Recently, two SSDs from a ZFS pool in TrueNAS actually came out one after the other. Of course, this then leads to a freeze of the respective files and also some of the services, as no more writing operations are carried out on the pool and only data in the ARC cache can be read.
Since there were a lot of things running on the server during this time, I wanted to avoid completely restarting the machine, so I looked for a solution to get the pool working again without having to restart it.
The procedure described here was carried out with TrueNAS SCALE Cobia, but should also work natively on Ubuntu or another Linux distribution.

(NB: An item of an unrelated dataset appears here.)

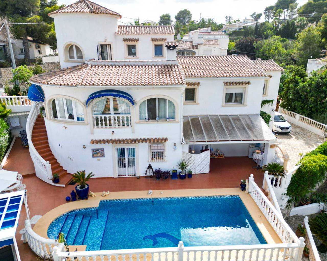 Located in one of the most sought-after locations on the Costa Blanca – along the picturesque coastal road between Calpe and Moraira – this spacious and characterful villa is just a few meters from the idyllic Baladrar bay. Here, you can combine the best of both worlds: tranquility and nature with all the comforts and amenities at your fingertips. Layout and ComfortThe property is divided into two fully independent living areas, ideal for large families, guest accommodation, or rental. The main area features: 2 spacious bedrooms3 fully equipped bathroomsA cozy living room with a fireplace and multiple seating areasA glass-covered terrace with panoramic views of the surrounding landscapeA modern, semi-open American-style kitchen with an adjoining storage roomA charming multifunctional space, perfect as a dining room or libraryFrom this space, an internal staircase leads to a upper floor, ideal as an office or extra bedroom. This area includes: A large en-suite bathroomAccess to a spacious terrace with views of the sea and hillsThe lower level is fully independent, ideal as a guest accommodation and includes: A cozy living room with an American kitchen2 bedroomsA spacious bathroomA garage with additional storage spaceThe plot offers ample space and privacy. The outdoor area has been carefully landscaped and includes: A large private swimming pool with a sun terrace, outdoor shower, and a cozy outdoor barDiverse seating areas and lounges spread across the groundsA landscaped Mediterranean garden with fruit trees, flowers, cacti, and native plantsParking space for 2 to 3 vehicles on the propertyWithin walking distance, you will find the charming Baladrar bay, known for its natural beauty and popular beach restaurant that is open year-round. Just 1 km further, there is a small shopping center with a supermarket and various boutiques. In the immediate area, you will encounter a wide selection of restaurants offering both Mediterranean and international cuisine. This property is not just a home, but a lifestyle. Whether you are looking for a permanent residence, a second home, or an investment property with rental potential – this villa offers a unique combination of location, space, charm, and comfort. Viewings by appointment. Contact us for more information or to schedule a visit.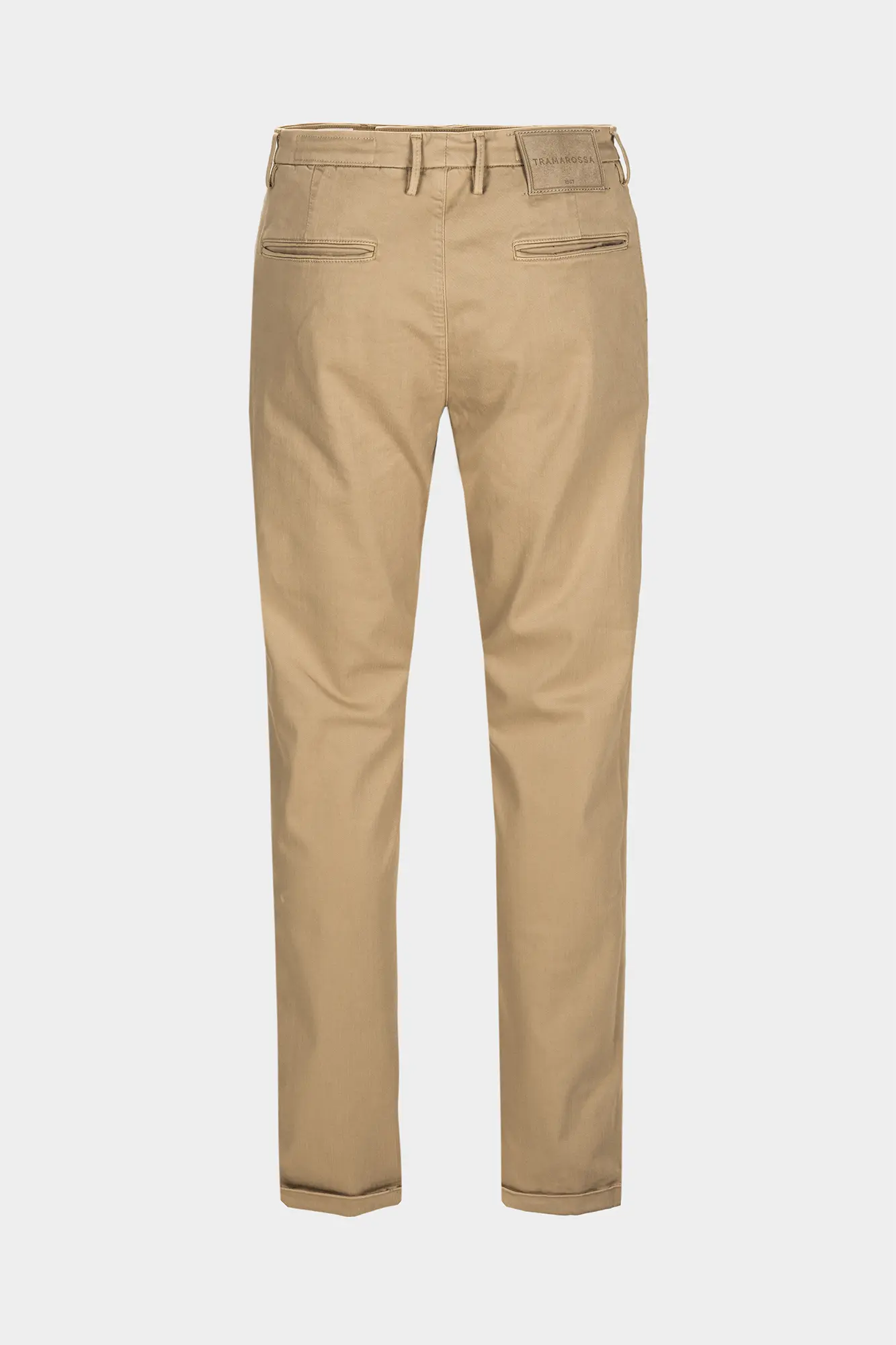 Refined suede back label in a tone-on-tone color with the garment, hot-stamped with the Tramarossa logo.

Attention: We are definitely “operating” directly at the heart of ZFS. We sometimes have to bypass the security functions that normally occur in ZFS at short notice, which can also lead to data loss. A backup of the data is essential!
In my case, both devices in the RAID Z1 pool failed with too many errors. Some checksum errors, some read/write errors.
A “normal” reset of the errors and cleaning up the status with
zpool clear <POOLNAME>
therefore didn't work.
It is also possible in ZFS to take a pool offline. But also this attempt using
zpool offline <POOLNAME>
as well as
zpool online <POOLNAME>
was not crowned with success.
So I physically removed both SSDs from the system (fortunately they were all hot-swappable) and pushed them back into the slot so that they could be recognized by the system again.
The call of
zpool status
brought now showed the pool as "offline". Now I tried using the pool again
zpool online <POOLNAME>
online, but that didn't work. The error message was displayed that the pool had uncorrectable errors.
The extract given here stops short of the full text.